In this research, we present a new approach to improve query concept extraction and mapping from consecutive modifications in user’s queries. From our preliminary query modification analysis, we have discovered the dominance of constant replacing modification sequence (i.e. substitute with some new terms while leaving other terms in subsequent queries) in user’s query modification behavior. Query concept mapping based on these replacing modification sequences should improve modeling the dynamics of query concept movement. The retrieval process can also be enhanced by suggesting related concept terms according to the salient concepts identified from query modifications. We aim to tackle visual retrieval problems from user’s perspective, as well as to expand current state-of-the-art query processing and concept mapping techniques to achieve user-centered visual search.

Kenneth Treharne

Human Factors in Visualisation for Improvement of Information Search

Information retrieval (IR) systems are as only as good as the underlying implementation allows them.

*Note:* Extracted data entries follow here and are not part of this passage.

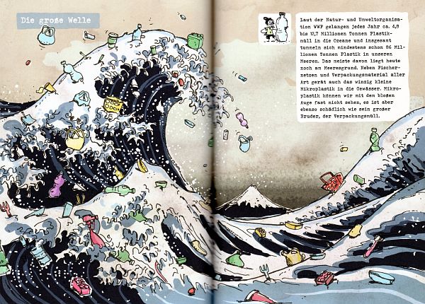 Aber ob das alles stimmt, was Micha da erzählt und kritzelt, z.B. köstliche Klischees über Studentinnen gewisser Fachrichtungen? Man darf ihm bei aller Authentizität auch ein ganz klein wenig Schummelei und Hintergründgkeit unterstellen, wenn nicht gar faustdicken Humor, denn: „Humor in feinster Bio-Qualität*, der nachhaltig zum Schmunzeln anregt. (*Kann Spuren von veganem Mett enthalten)“ schreibt der Verlag zu Micha Marx´ echt lustigen Ein- und Ausfällen. Stimmt. Und unterdessen, bei dem ganzen Jux, macht Micha ulkig, aber subtil auf die großen Probleme der Umwelt wie Mikroplastik und Erderwärmung aufmerksam, die unser aller Leben in sichtbarer Zukunft gefährden.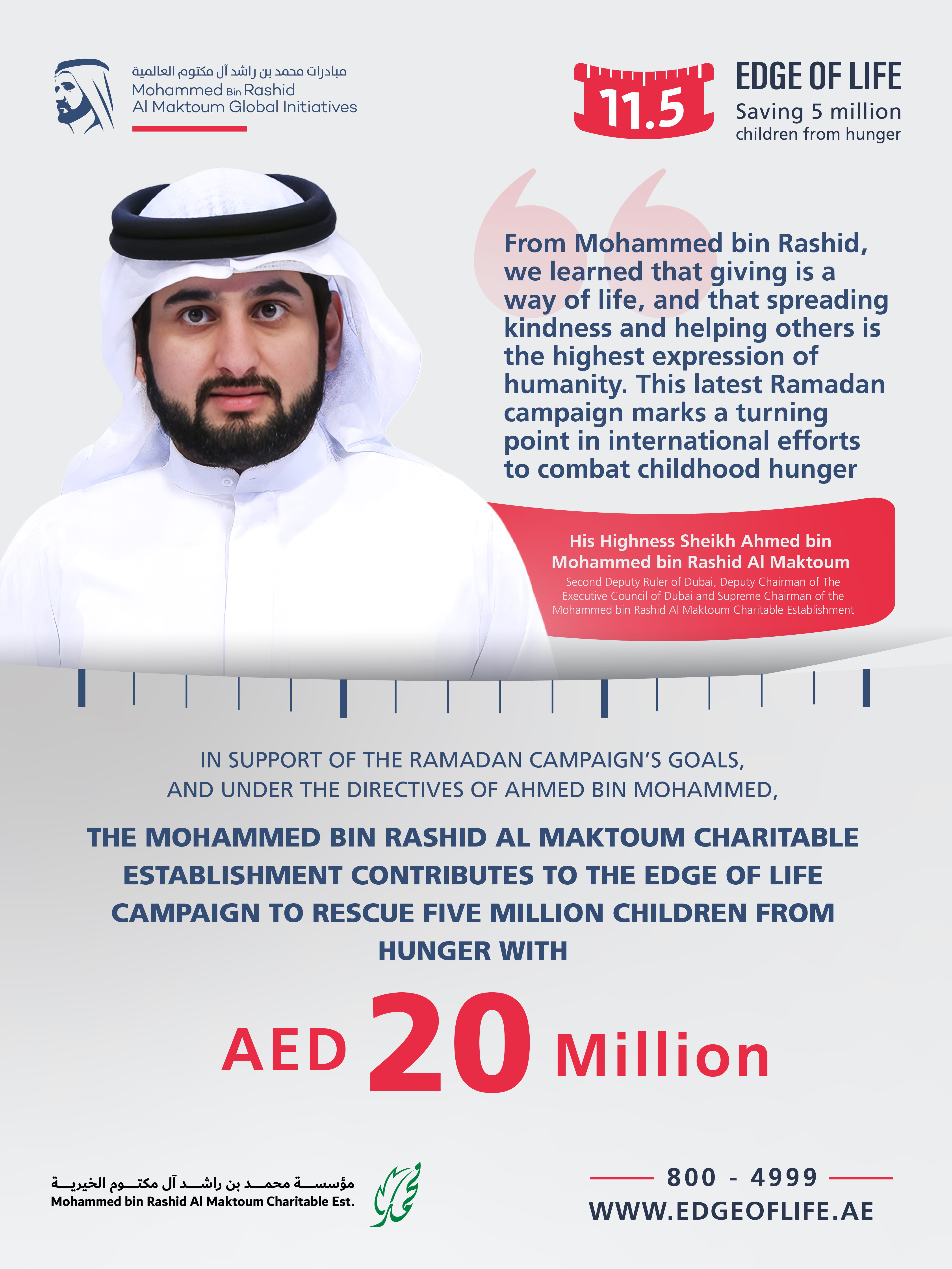Under the directives of His Highness Sheikh Ahmed bin Mohammed bin Rashid Al Maktoum, Second Deputy Ruler of Dubai, Deputy Chairman of The Executive Council of Dubai and Supreme Chairman of the Mohammed bin Rashid Al Maktoum Charitable Establishment, the Establishment has contributed AED 20 million to the Edge of Life campaign to rescue five million children from hunger.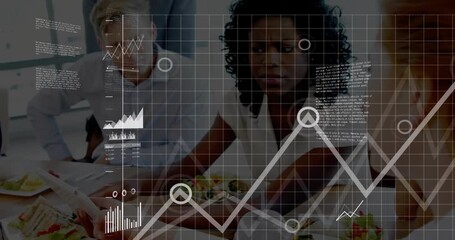 Business Team Discussing With Data Visualization Overlay Videos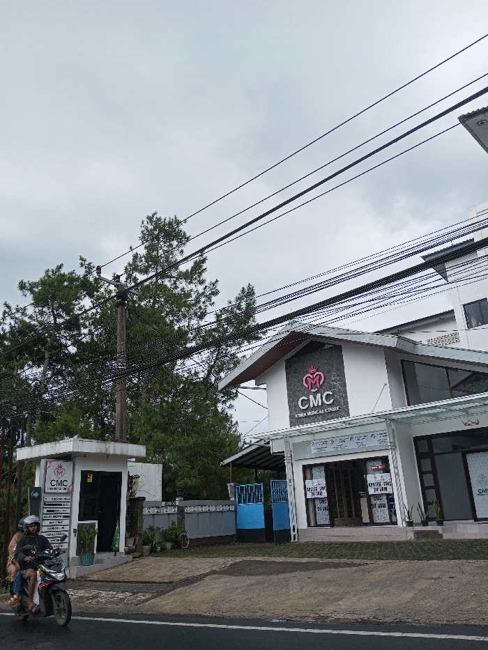 A daytime view captures a medical facility identified as "CMC CITRA MEDICAL CENTER" in Ambakirano, Madagascar, under an overcast sky. The primary building is a multi-story white structure with a prominent black and pink "CMC" logo featuring a crown emblem on its facade. The front section of the building includes glass doors and windows, with signs visible in an indistinct language, including references to "APOTEK CMC 24 JAM" (CMC Pharmacy 24 Hours). To the left of the main entrance, a smaller white guard post or entrance booth also displays the "CMC" logo. A blue metal gate and a grey wall enclose the property between the booth and the main building. In the foreground, a paved road with a white line runs horizontally. A dark-colored motorcycle, operated by a driver wearing a helmet and accompanied by a passenger, travels from left to right on this road. Tall, slender pine trees are visible behind the buildings and to the left, partially obscured by a utility pole dense with multiple overhead power lines and cables that extend across the upper frame of the image. Potted plants are positioned near the building's entrance.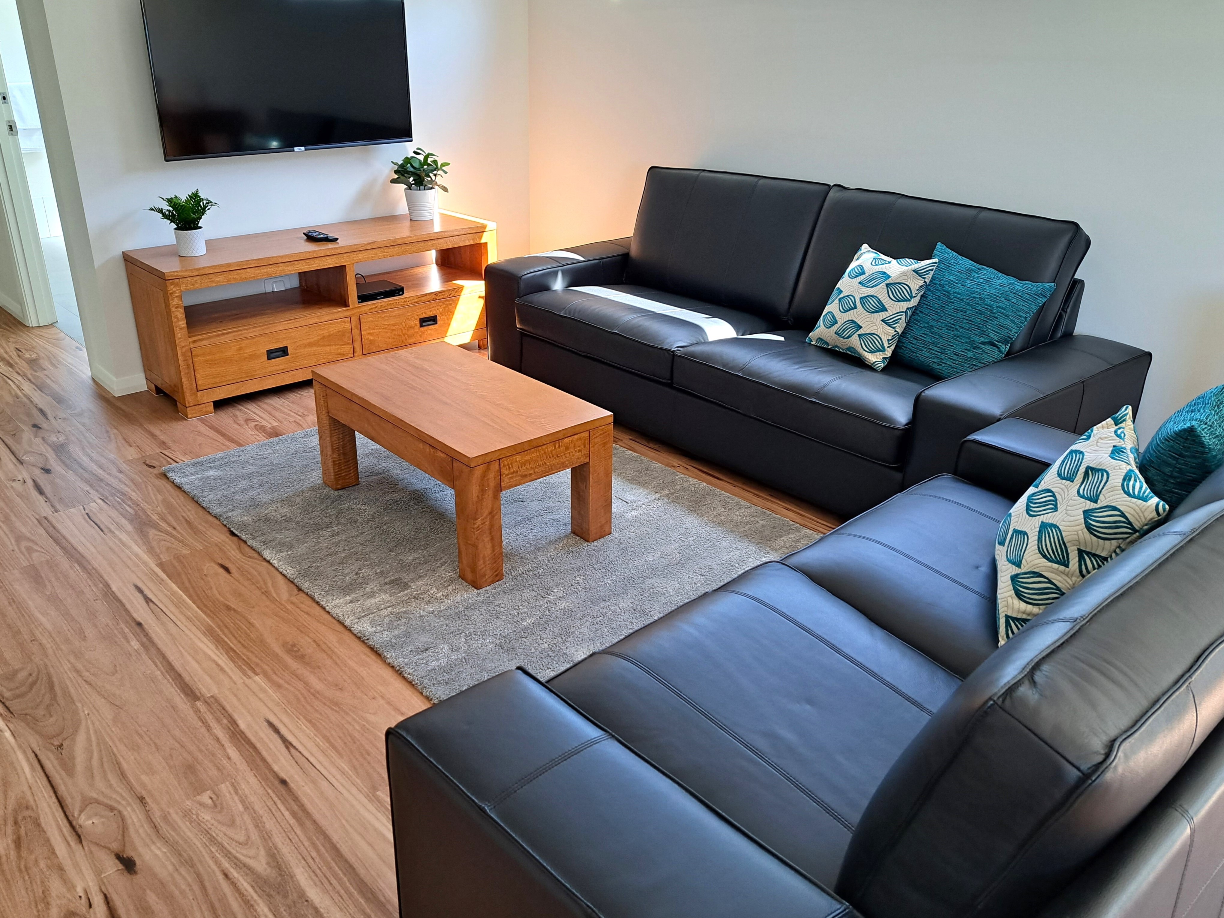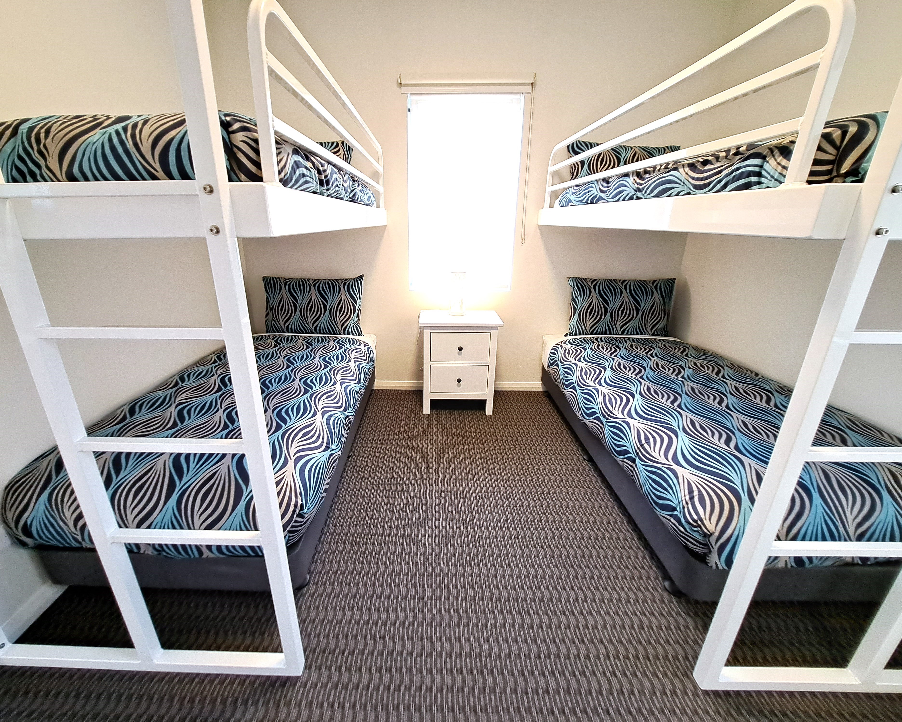 Enjoy the spacious open-plan living and kitchen area with a side-opening oven, full-size fridge, microwave, and a table for 6. Next to the comfy lounge with TV/DVD, reverse cycle air-conditioning keeps you comfortable year-round. The bedrooms include a king-size bed in the master and two sets of bunk beds in the second bedroom, accommodating up to 6 guests.

For any information search, IR systems cannot know what the human user is thinking and often the human user does not exactly know what they are looking for! Therefore, we should now focus more on both the human factors and the interface (i.e. search tools) to learn how to best present IR results and what sub tasks (new or old) a user engages to effectively and efficiently search. The Flinders AILab is interested in evaluating tools and techniques that explore alternatives to the result presentation interfaces of current IR systems. Of particular interest are graphically augmented representations in opposition to current interfaces that present predominantly textual summaries of potentially useful document, video and audio media. AILab research is exploring techniques for the graphic representation of IR result sets in an interactive information map/space using latent semantic analysis, and evaluating techniques for Metadata visualisation in both 2D and 3D; all the while, analyses of the user logs are revealing an interaction-dialogue taking place between the user and the IR system. With a better understanding of the human factor, we will implement search engines in such a way as to elicit more of the unspecified and background information associated with information queries that search engines need but currently only ‘guestimate’. An online delivery methodology for each evaluation apparatus ensures a wider and more valid experimental population whilst still collecting a rich dataset of precise measurements for information retrieval task performance. Our evaluations use a variety of technologies, including Java Applets and the Mozilla Firefox Extension facility for our Flingle IR result visualisation extension.

Tina Du

New Cognitive Model of Web IR Interaction: Integrating Multitasking, Cognitive Coordination and Cognitive Shifts

Web searching is an important element of information behaviour and human computer interaction which includes multitasking processes and the allocation of cognitive resources among several tasks, and shifts in cognitive, problem and knowledge states. In addition to multitasking, cognitive coordination and cognitive shifts are also important but under-explored aspects of Web searching. This project aims to model the relationship between multitasking, cognitive coordination and cognitive shifts during Web information retrieval. Key findings based on the pilot study include: (1) the major factor influencing multiple information problems search ordering was personal interest; (2) participants experienced complex cognitive coordination process embedded within Web search interaction; (3) study participants experienced both positive and negative cognitive shifts at all levels; (4) Web search interaction is shown to be a multitasking process during which information problems ordering, task switching, task and mental coordinating occur, and at deeper level, cognitive shifts take place. A model based on the key findings is provided to illustrate this relationship. Also the implications for more effective Web based IR systems development are discussed.